GIVEN MATERIAL:
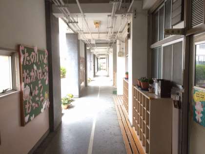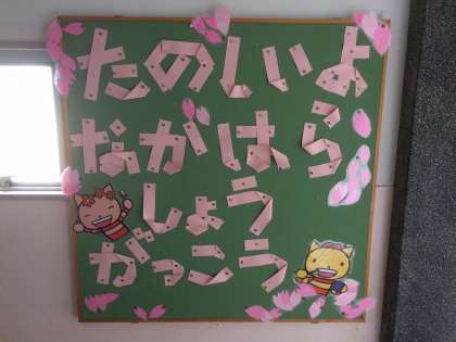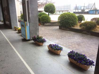 保健室前の掲示です。1階の廊下には、きれいな花が植わったプランターが並べてあります。
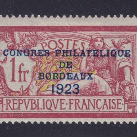 Fra Frankrig, Poste Aérienne Yvert 2 'Merson 5fr bleu' i blok af fire, uden seler, TB-stand. Klik på den blå "gå til varen" knap, for at købe eller byde på denne vare. Den samlede pris vil blive vist inden du afgiver dit bud.
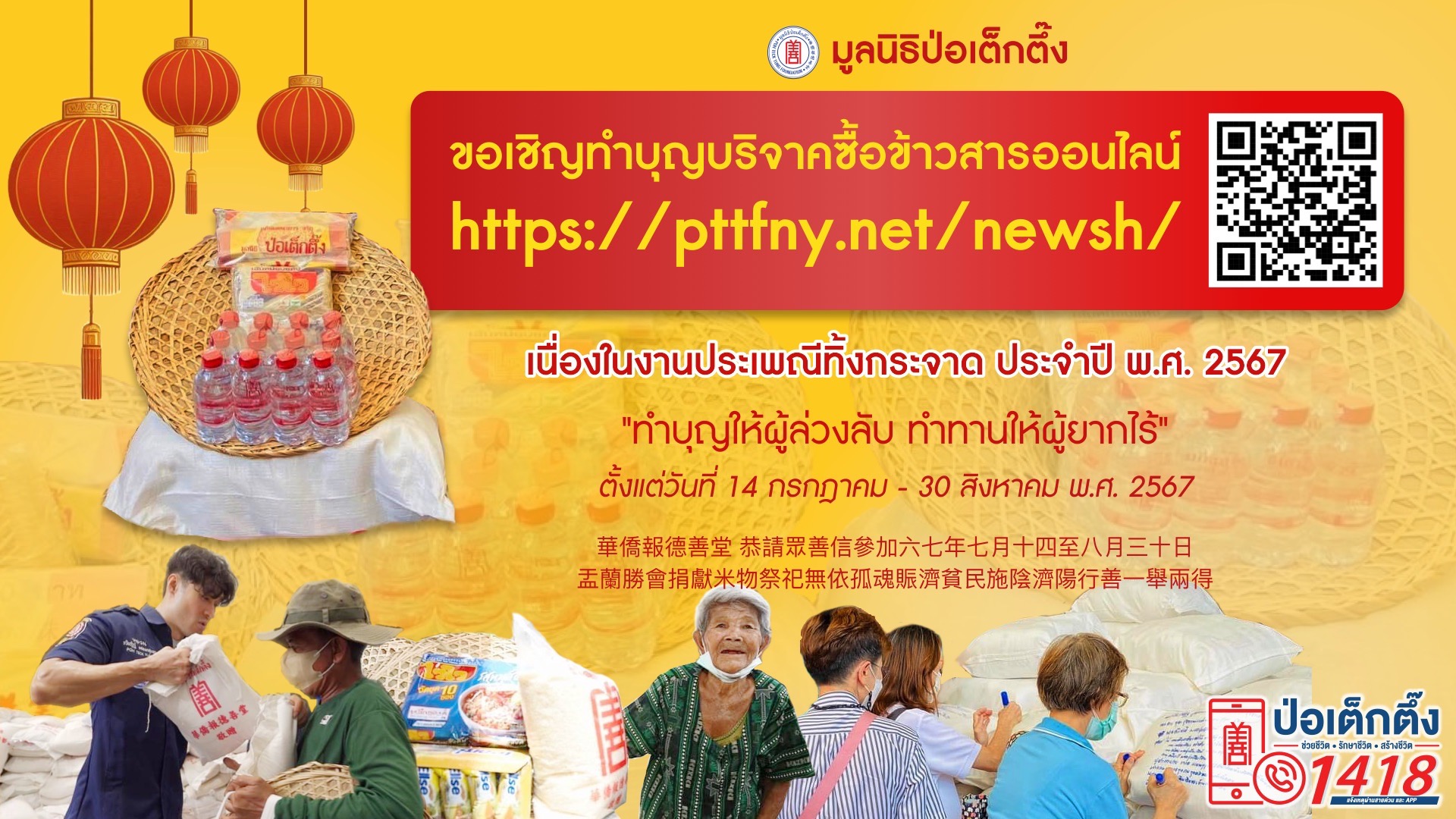นอกจากนี้สำหรับท่านที่ประสงค์ทำบุญทิ้งกระจาดออนไลน์ ผ่านเว็บไซต์ https://pttfny.net/newsh ในปี 2567 นี้ ท่านสามารถร่วมทำบุญผ่านระบบออนไลน์ ได้ตั้งแต่วันที่ 10 ก.ค.นี้ เป็นต้นไป สามารถติดต่อสอบถาม ติดตามข่าวสารกิจกรรม และการช่วยเหลือของมูลนิธิป่อเต็กตึ๊ง ได้ที่เฟซบุ๊ก แฟนเพจ www.facebook.com/atpohtecktung

AIM OF THE EXERCISE:
Transcribe all of the lines above exactly as given. The pictures stay out.

EXERCISE ANSWER:
 保健室前の掲示です。1階の廊下には、きれいな花が植わったプランターが並べてあります。
 Fra Frankrig, Poste Aérienne Yvert 2 'Merson 5fr bleu' i blok af fire, uden seler, TB-stand. Klik på den blå "gå til varen" knap, for at købe eller byde på denne vare. Den samlede pris vil blive vist inden du afgiver dit bud.
นอกจากนี้สำหรับท่านที่ประสงค์ทำบุญทิ้งกระจาดออนไลน์ ผ่านเว็บไซต์ https://pttfny.net/newsh ในปี 2567 นี้ ท่านสามารถร่วมทำบุญผ่านระบบออนไลน์ ได้ตั้งแต่วันที่ 10 ก.ค.นี้ เป็นต้นไป สามารถติดต่อสอบถาม ติดตามข่าวสารกิจกรรม และการช่วยเหลือของมูลนิธิป่อเต็กตึ๊ง ได้ที่เฟซบุ๊ก แฟนเพจ www.facebook.com/atpohtecktung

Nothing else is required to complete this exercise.